--- Exercise prompt ---
Return the entries below word for word. No picture belongs in the copy.

-------- Input data --------

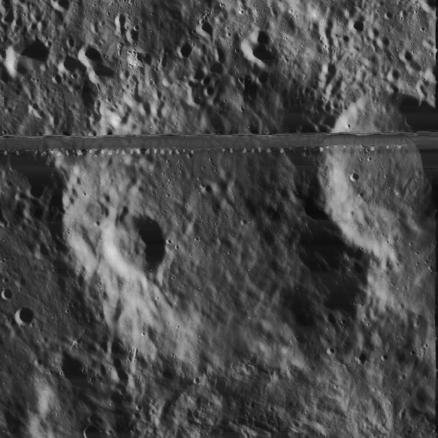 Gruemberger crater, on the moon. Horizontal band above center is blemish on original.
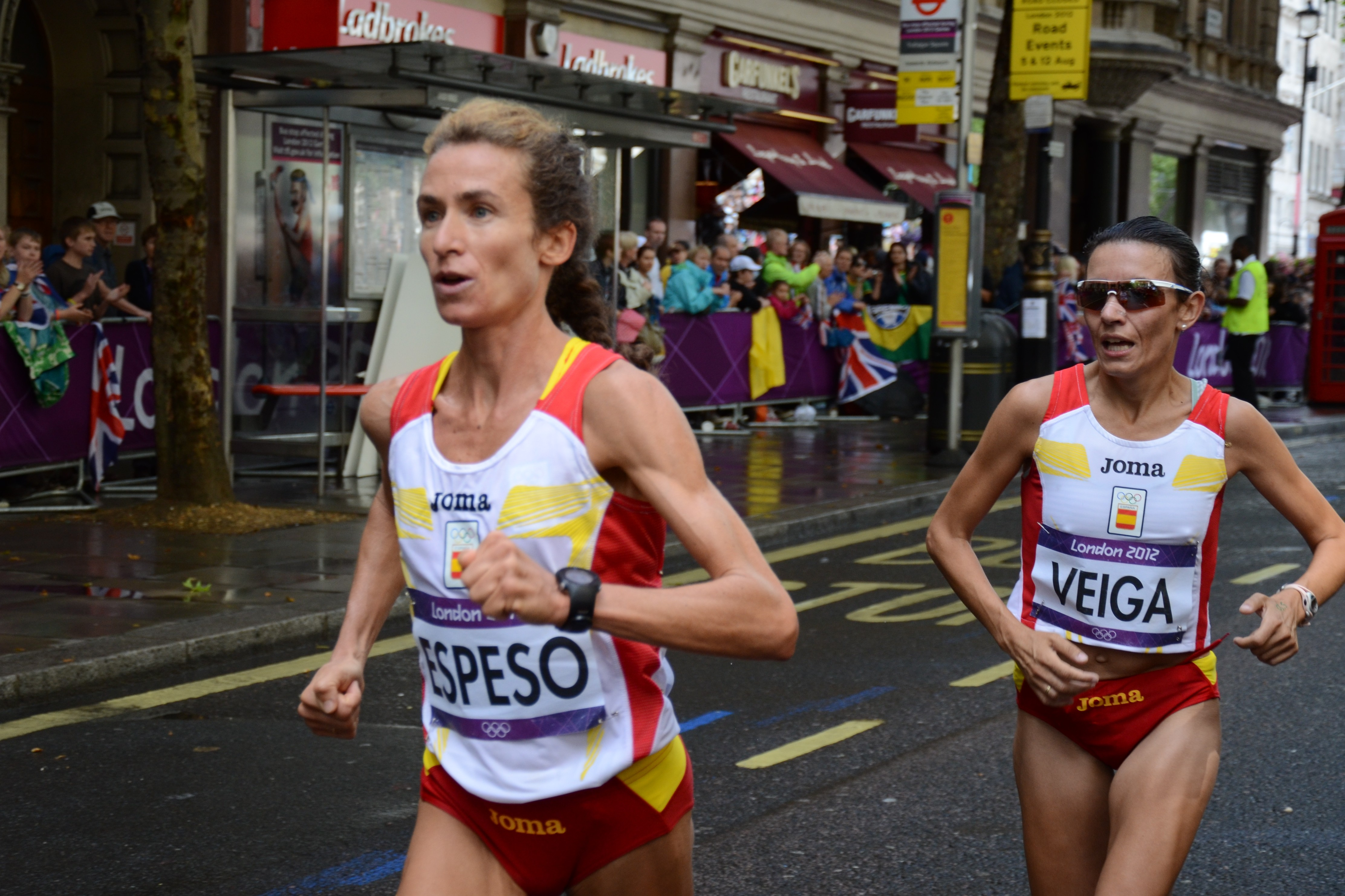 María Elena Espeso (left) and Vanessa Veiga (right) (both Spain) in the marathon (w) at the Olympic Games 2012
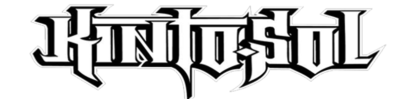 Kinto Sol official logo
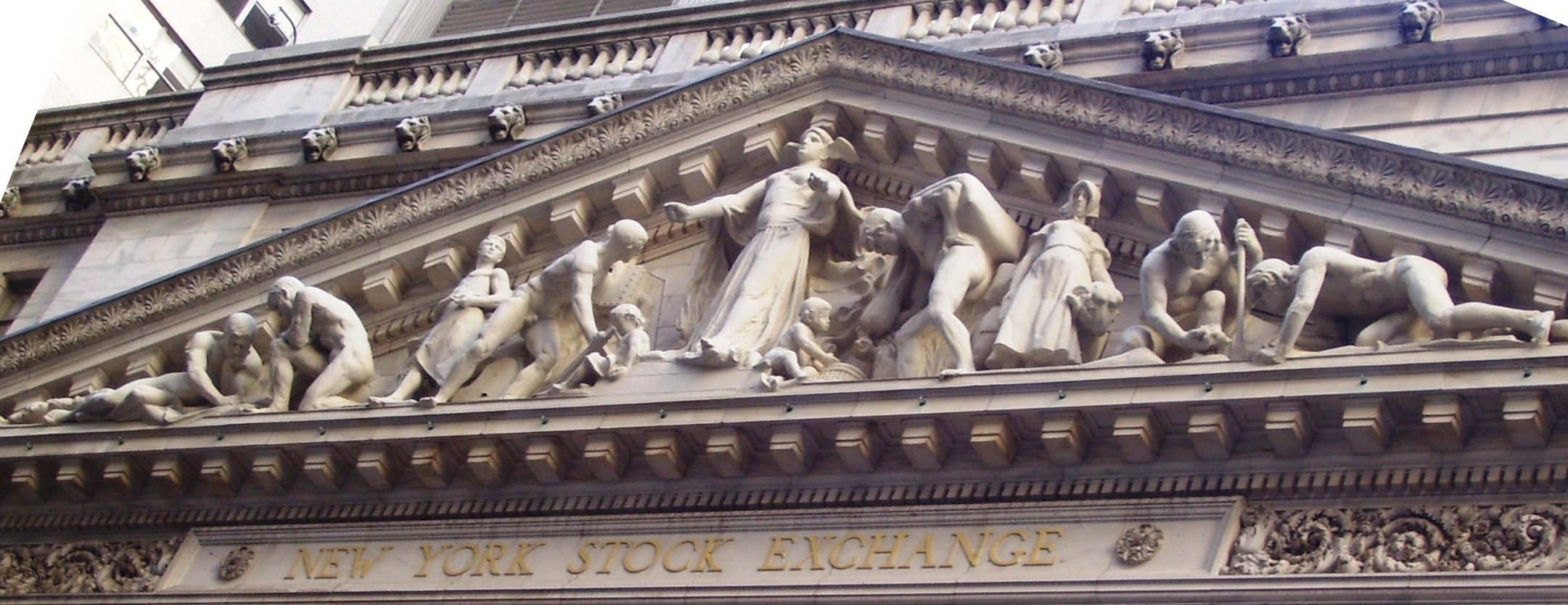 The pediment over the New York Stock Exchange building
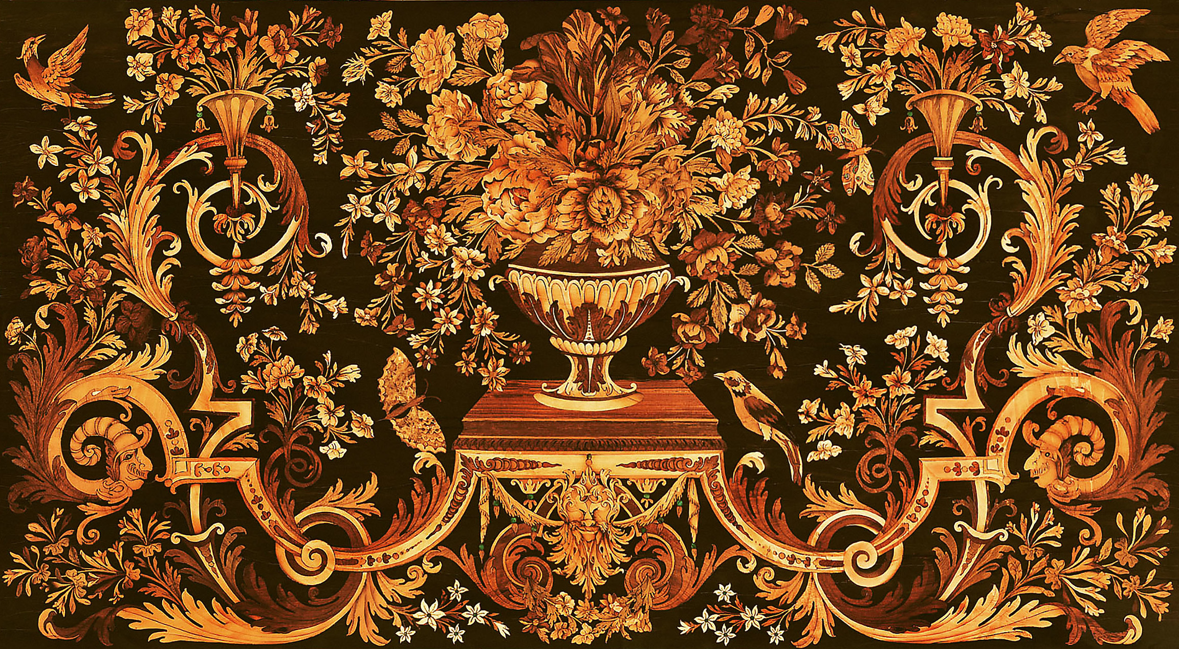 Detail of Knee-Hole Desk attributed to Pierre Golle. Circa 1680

--------

--- Response area ---
 Gruemberger crater, on the moon. Horizontal band above center is blemish on original.
 María Elena Espeso (left) and Vanessa Veiga (right) (both Spain) in the marathon (w) at the Olympic Games 2012
 Kinto Sol official logo
 The pediment over the New York Stock Exchange building
 Detail of Knee-Hole Desk attributed to Pierre Golle. Circa 1680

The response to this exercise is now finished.